I also object to the lack of actual details concerning Kololev’s personal life.  I realize that there might not be many details out there, and his life was really his work, so there was nothing that could be characterized as a personal life in his later years.  But there were tantalizing clues, which were only given a sentence or a paragraph, or in an anecdote from interviews.  One such instance was his reconciliation with his daughter when his grandson was born.    His first wife had kept them apart for so long because of his affair with the woman who would become his second wife.  But there are no more details, which is frustrating because the author interviewed Natasha Korolev (his daughter) at length.

The anecdotes attempted to tell us what kind of person Korolev was, how he dealt with the successes and failures of his design bureau.  But there is hardly anything personal.

In other words, this book was really about Korolev’s achievements in space, weapons and technology, as opposed to a real biography.  It seems as if the author wanted to make a book like the excellent “Apollo: Race to the Moon”, which described the engineering achievements and the engineers who took part in the US program.  Of course, the main driver in the Soviet program was Korolev.  But aside from describing how Korolev met the political and financial challenges, and kept the programs on track, there is little description of the actual missions that took place in space, their objectives, or the science that they achieved.  The author seems to like to go into technical detail by naming each engine and vehicle component by their designation, even though they are not truly important to the story.

Even the three monumental disasters that hit the Soviet space program are given in one or two lines, and their impacts on the program are barely mentioned.  First was the tangled parachutes on Soyuz 1, which killed a cosmonaut.  The second and third took place after Korolev’s death, but seem important to the space program as a whole.  The explosion of the N1 Moon rocket that destroyed the launch pad and killed hundreds of people is mentioned in a short list of rocket failures.  The depressurization of the second mission to the Salyut I space station (which killed three cosmonauts) is given two sentences, despite the entire (quite lengthy) chapter devoted to the Soviet space program after Korolev’s death.  All of these events, plus the first mission of Salyut I, where the cosmonauts docked, but couldn’t get the door unlocked, have been described in detail in Quest, so there is no reason to gloss over them.  The details are known. 

In Russians in Space, the author describes Korolev’s relationships with the cosmonauts, who are barely mentioned here.  It would have been nice to see some of his days at the cosmonaut training center.

Aside from the opening chapters describing some of Korolev’s childhood, and a few phrases scattered through the book, this is not a biography.  It is a good reference book, and will stay on my bookshelf as such.  It provides excellent dialog between opposing points of view, but doesn’t draw many conclusions based on the given information. 

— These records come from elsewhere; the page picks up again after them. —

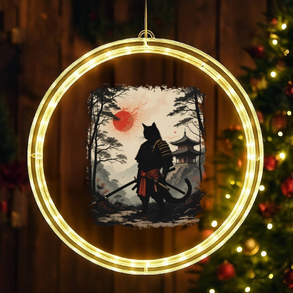You are shopping for a stunning and trendy product Samurai Cat Warrior LED Christmas Window Lights Design For belong theme LED Christmas Window Lights at Printblur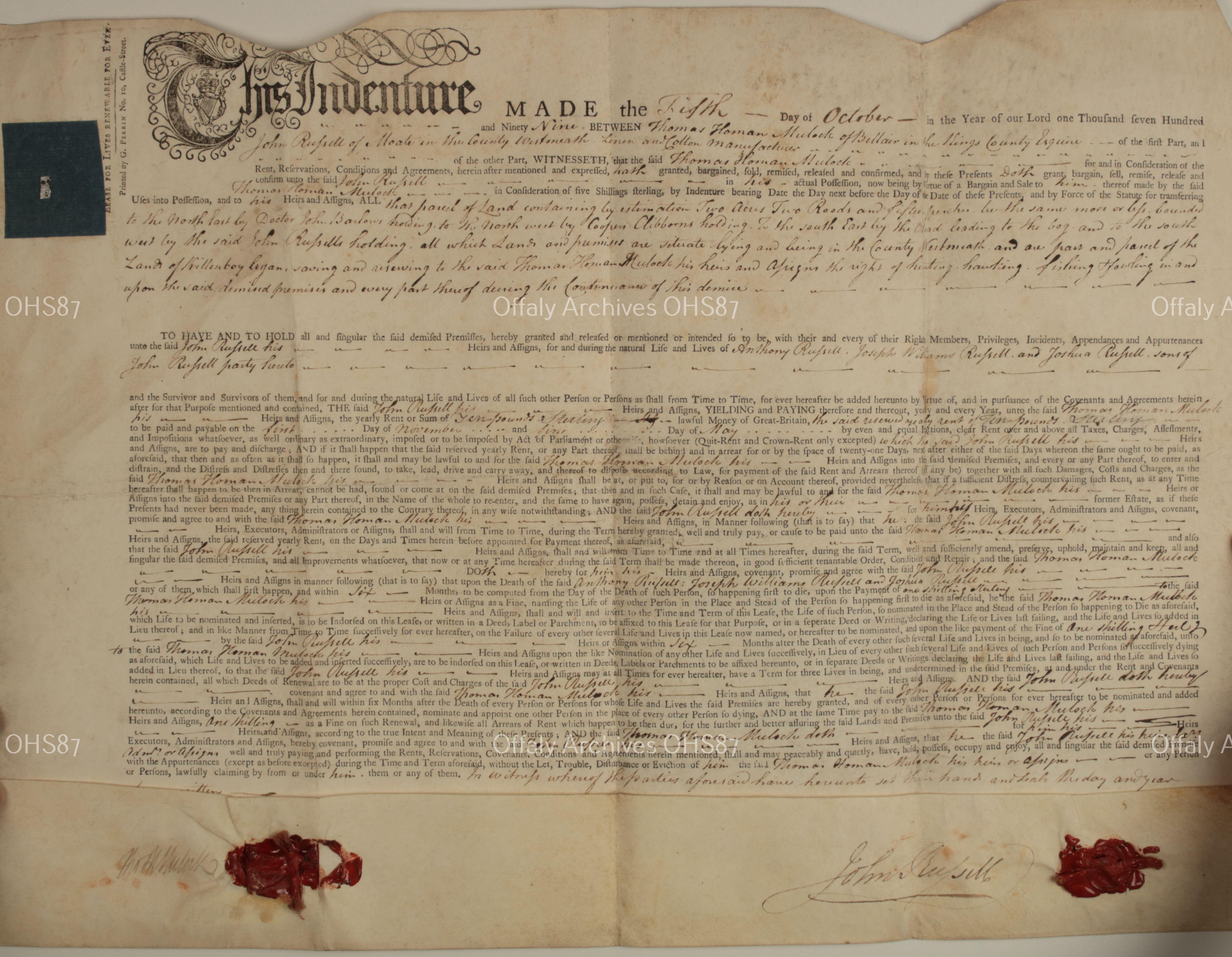 Lease for parts of lands of Killeenboylegan between Thomas Homan Mulock and John Russell for lives renewable from 1799, at the yearly rent of £57-14-6.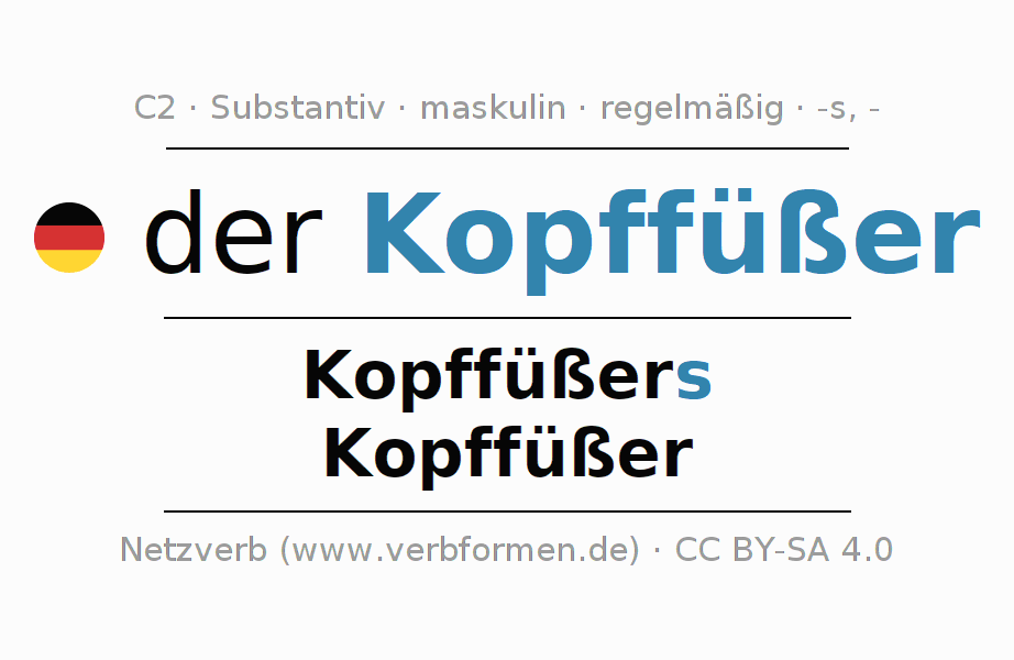- Singular: der Kopffüßer, des Kopffüßers, dem Kopffüßer, den Kopffüßer
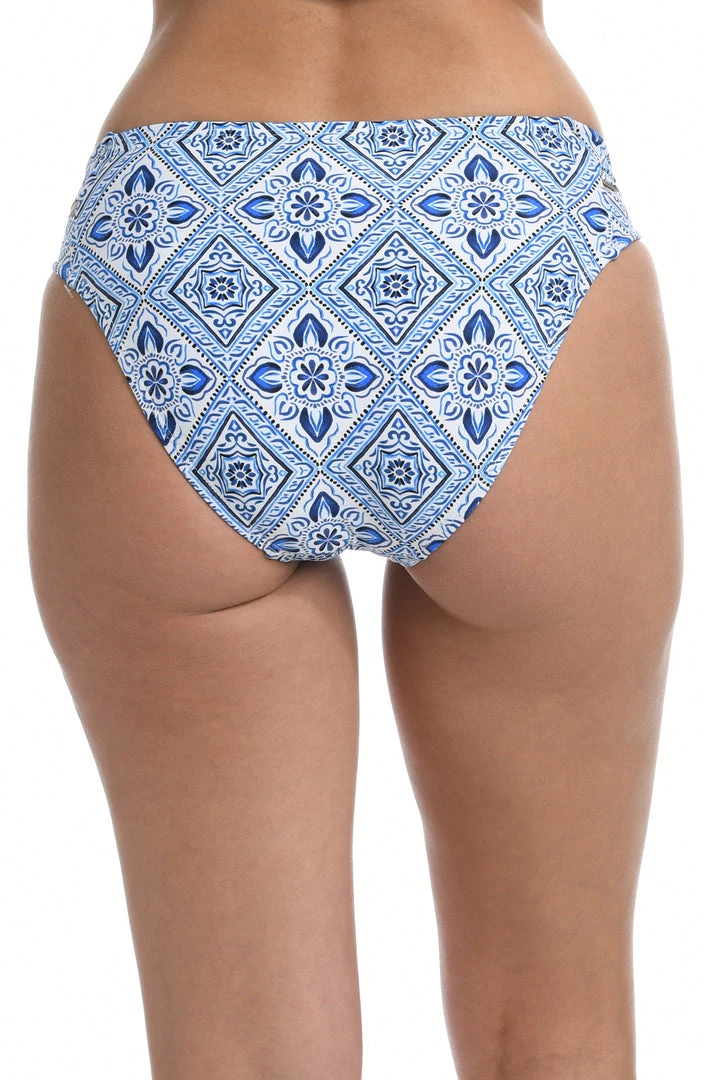 The artful mosaic on these hipster bikini bottoms takes its cue from the azure blue waters of the Mediterranean. The hipster cut with crisscross side bands flatters the figure, while moderate coverage in back allows you to move around confidently, no matter what the day (or evening) brings.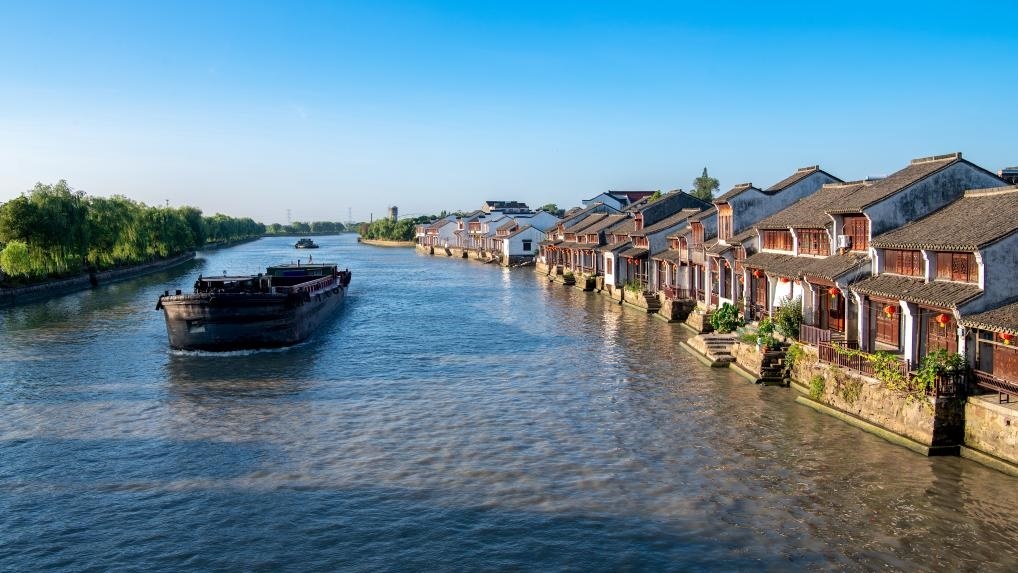 世界文化遺產(chǎn)大運河流經(jīng)荻港村,造就了村中小橋流水的江南景致。這里的?;~塘系統(tǒng),被聯(lián)合國教科文組織譽為“良性循環(huán)典范”,構(gòu)建了桑魚共生的特色景觀。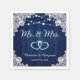 Decorate your navy blue rustic wedding party with these personalized wood and lace wedding paper napkins.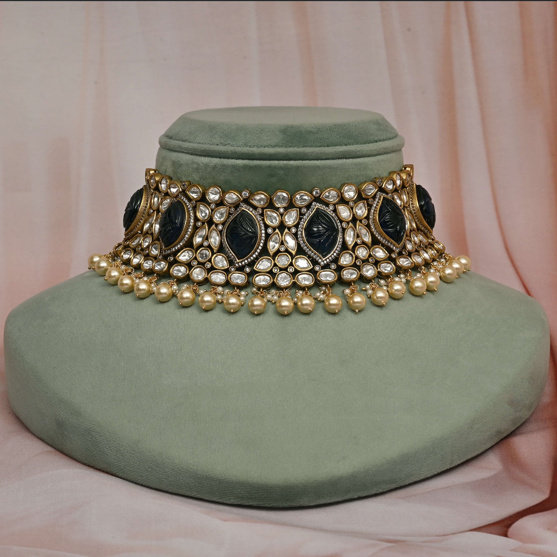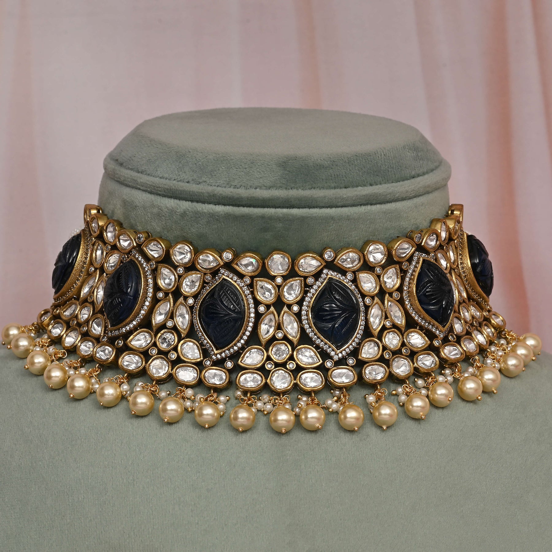 This Victorian choker set showcases expert craftsmanship with a unique, one-of-a-kind design. Featuring real cubic zirconia and moissanite stones, it offers the brilliance and sparkle of genuine diamonds. Delicate pearls dangle gracefully, enhancing its timeless elegance. Handcrafted to perfection, this set combines classic Victorian style with exceptional quality for a stunning statement piece.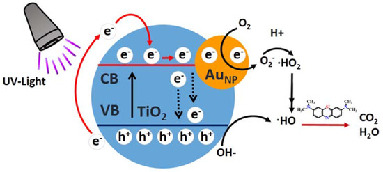 Based on the above findings and associated discussions presented previously, a schematic depiction of possible reaction mechanisms of the catalytic process was presented in Figure 8 (with dark pre-treatment). Under UV light, electrons in the valence band (VB) of TiO2 moved to the conduction band (CB), leaving holes at the valence band (VB). These electrons then reduced O2 in TiO2 to O2− anion radicals, with hole oxidation OH to ·HO free radical. Next, they moved to CB of TiO2 to be further trapped by neighboring AuNPS. Afterward, the electrons reduced O2 present on AuNPS to O2−. These radicals could receive more electrons to become ·HO. Meanwhile, holes in VB oxidized water present on TiO2 to induce ·HO free radicals. Next, ·HO would oxidize MB to form degradation products. Consequently, the synergic effect of oxidation states of gold, including two BE peaks at 87.7 and 84.0 eV (Figure 7d), significantly enhanced the photocatalytic performance of TiO2NWS@AuNPS. Moreover, FTIR results showed the formation of more OH species following Au loading. This was believed to occur during the leading step to increase ·HO free radicals on the TiO2 surface. On the other hand, the crystal structures of Au nanoparticles and TiO2NWS were different, and hence defects and crystal barriers were inevitable at the interfaces of TiO2NWS and Au nanoparticles. Therefore, tremendous defects and barriers existed in AuNP. The presence of few interfaces of Au particles could significantly reduce recombination of electrons and holes [48]. Conversely, pure TiO2NWS did not provide distinct transfer paths for electrons, causing easy recombination of electrons and holes. Furthermore, the electrons in the CB can transfer from TiO2NWS to AuNPS, resulting from a Schottky barrier being formed at the metal-semiconductor interface [49]. It may be lead to the photo-induced electrons being trapped by AuNPS under UV irradiation, and electrons could reduce O2 in TiO2 to O2− anion radicals. Therefore, low recombination of photogenerated carriers and high photocatalytic activity made TiO2NWS@AuNPS provide valuable scaffold for many potential applications, such as photo electrocatalysts, solar cells, hydrogen generation by water splitting, and sensors.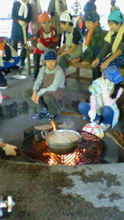 飯ごうを使って、ご飯を炊いています。カレーも作ります。晩ご飯は、ちゃんと食べられるのでしょうか。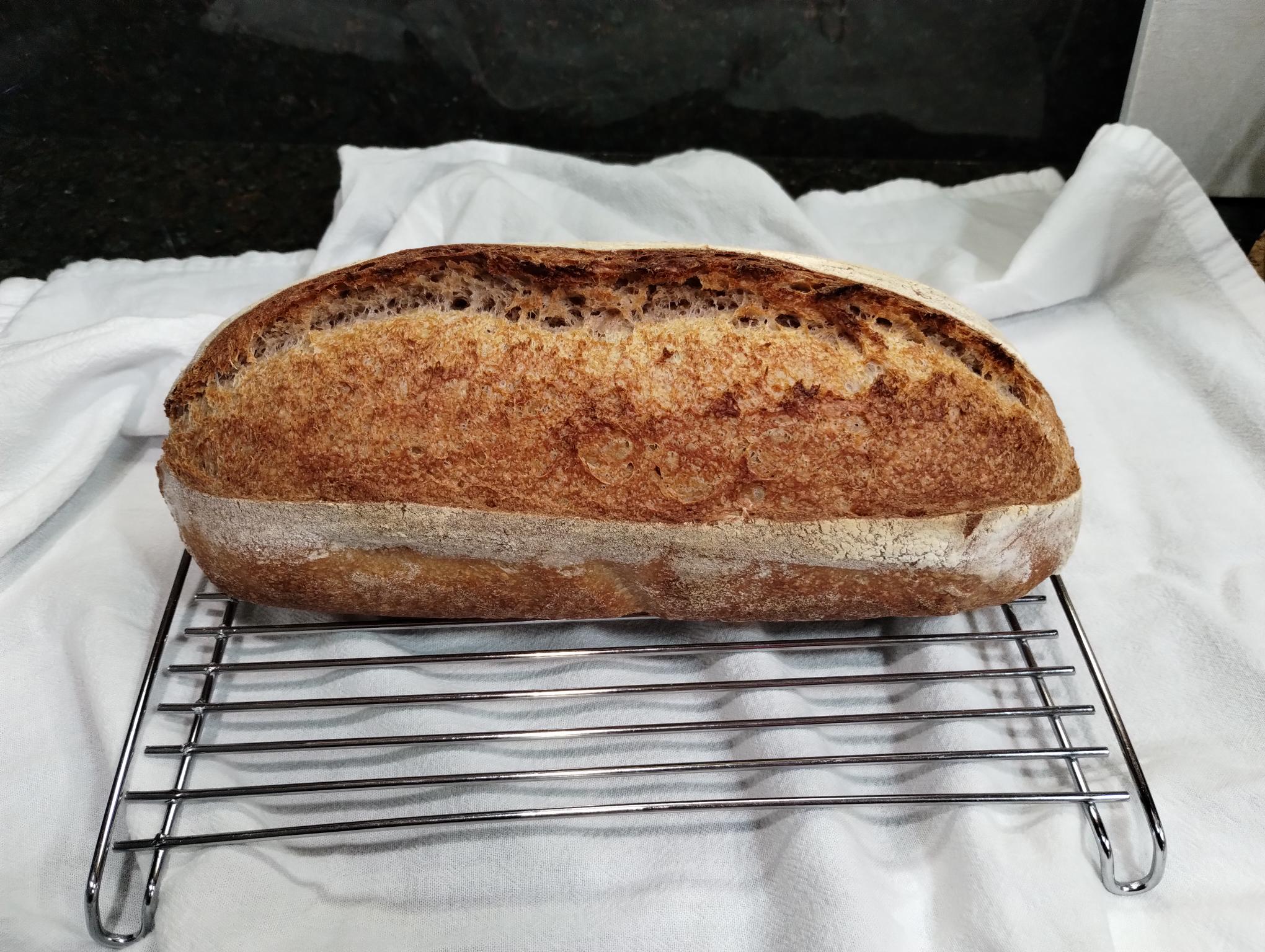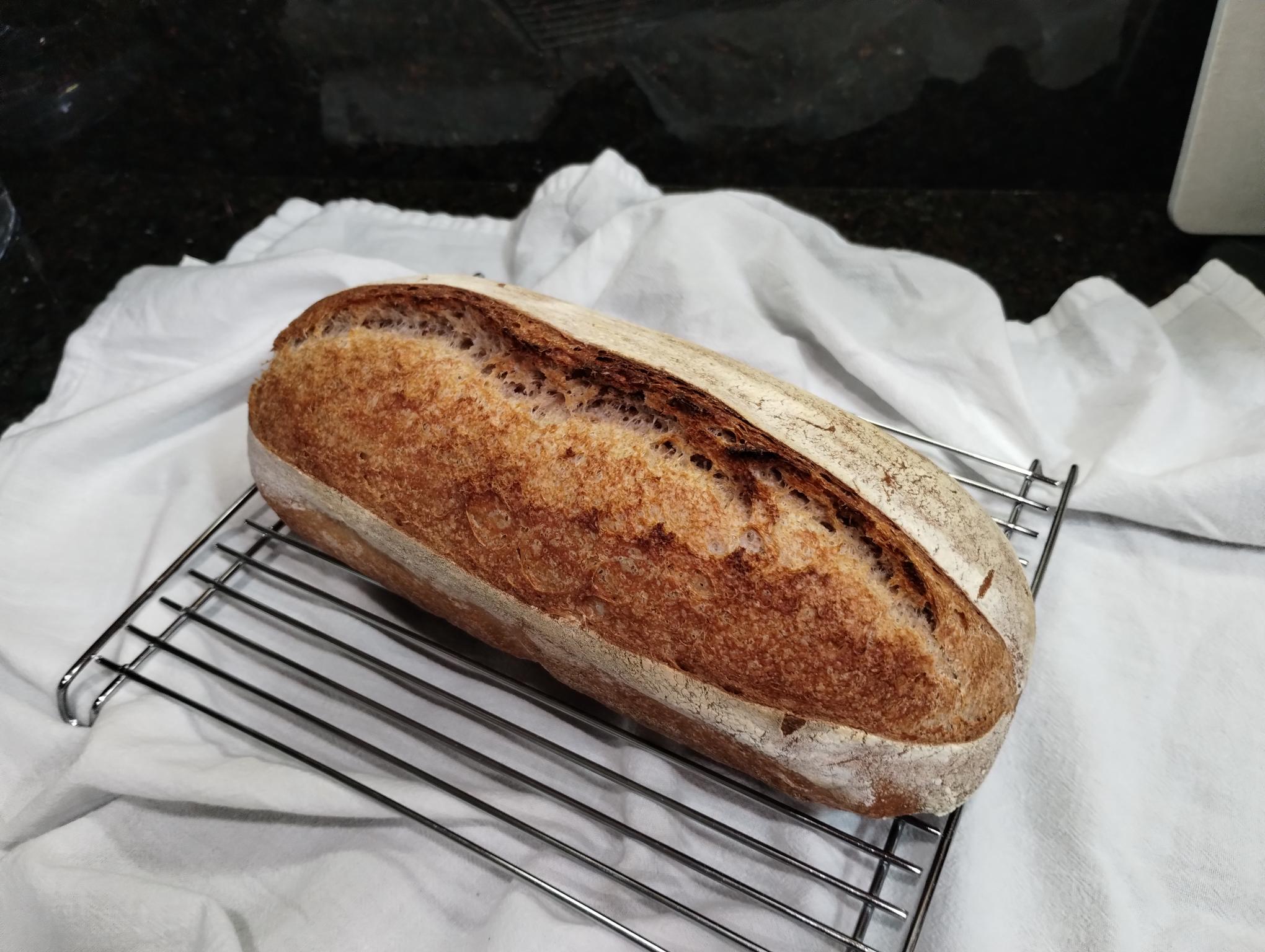 Baked today (after 20 hours of cold retard) in an oblong clay baker at 500f x 20 min (lid on) then 450f (lid off). It's cooling at the moment.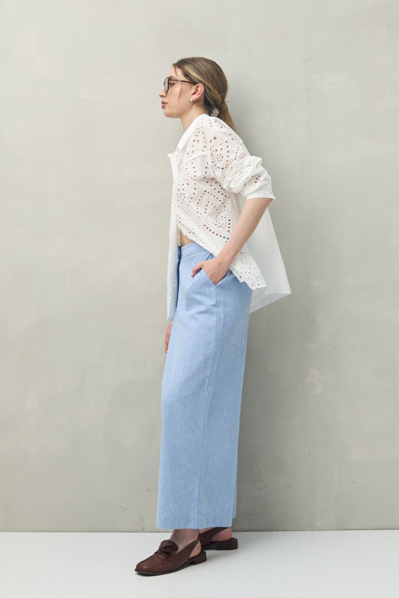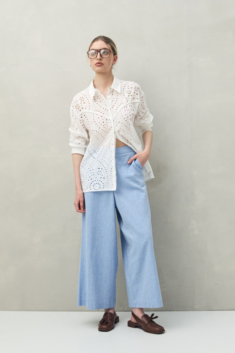 Pantalón de corte amplio confeccionado en mezcla de lino y viscosa, una combinación que aporta frescura, caída fluida y un tacto natural. Su diseño de cintura media con elástico en la espalda ofrece comodidad sin perder estilo. Ideal para looks relajados de verano o para elevar un outfit casual con camisas o tops ligeros.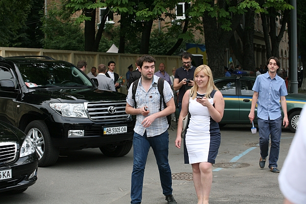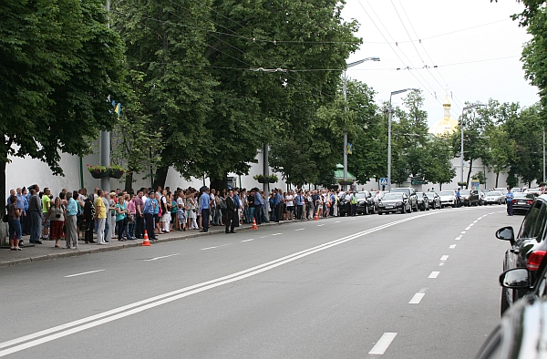 Нечисленний натовп простих киян і журналістів вишикувався біля входу, дивитися на живих мешканців телеекранів.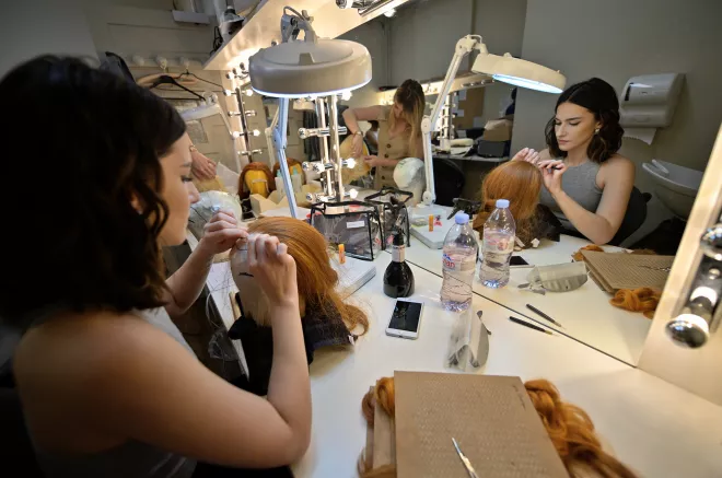 Un étage plus bas, les loges accueillent l’atelier des perruquières. Là, cheveu par cheveu, les perruques se nouent autour d’un tulle qui viendra avec perfection entourer le visage de chacun des artistes. Grandes élévations en poil de yack, couleurs, coiffures complexes, les perruques les plus réalistes côtoient les plus fantaisistes dans cet atelier où la minutie crée des chefs-d’œuvre.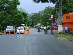 It was late in the day and the young men at the military checkpoint told us to hang it up for the day. We found a hotel for the night and continued in the safety of the daylight. I was a little tense riding through the small town that was under military control. What we found out was that two days earlier there had been a skirmish between the campesinos and the military during a protest where one person died and several were hurt. I must admit I was tense as we were waved passed the road block by the riot squad and into the small town of Taraza. I remember seeing the charred remains of tear gas, spent metal parts and burnt tires scattered through out the towns main street. It was the closest I had ever come to a war zone and I was scared. Randy jokingly said we should stop for breakfast. I said "no way" and we rode on toward a more tranquil part of Colombia. I took my first deep breath about 15 miles past the town and did not stop sweating for another 10 miles.

One neat point of view came from interviews with Sergei Kruschev, son of the famous Soviet leader, and a technical expert in one of the spacecraft design bureaus at that time (but not under Korolev).  He seems to know the limits of his father’s power, and tries to downplay a lot of the rumours (but not all) of his father’s interventions in the space program.

Another refreshing part of the book is the description of the surgery that killed the Soviet Chief Designer at the peak of his career.  Again, there are many points of view, and it is left to the reader to decide whether the operation was botched, or if Korolev could have lived had a different surgeon been present.  The description of the funeral march to Red Square was very touching, though.

I will likely refer back to this book (which has an excellent index) whenever I read an article on the Soviet space program in Quest, but I will never read it cover to cover again.  I would skip all the ballistic missile work; in fact, all the military work altogether, though it is integral to the beginning of the space program.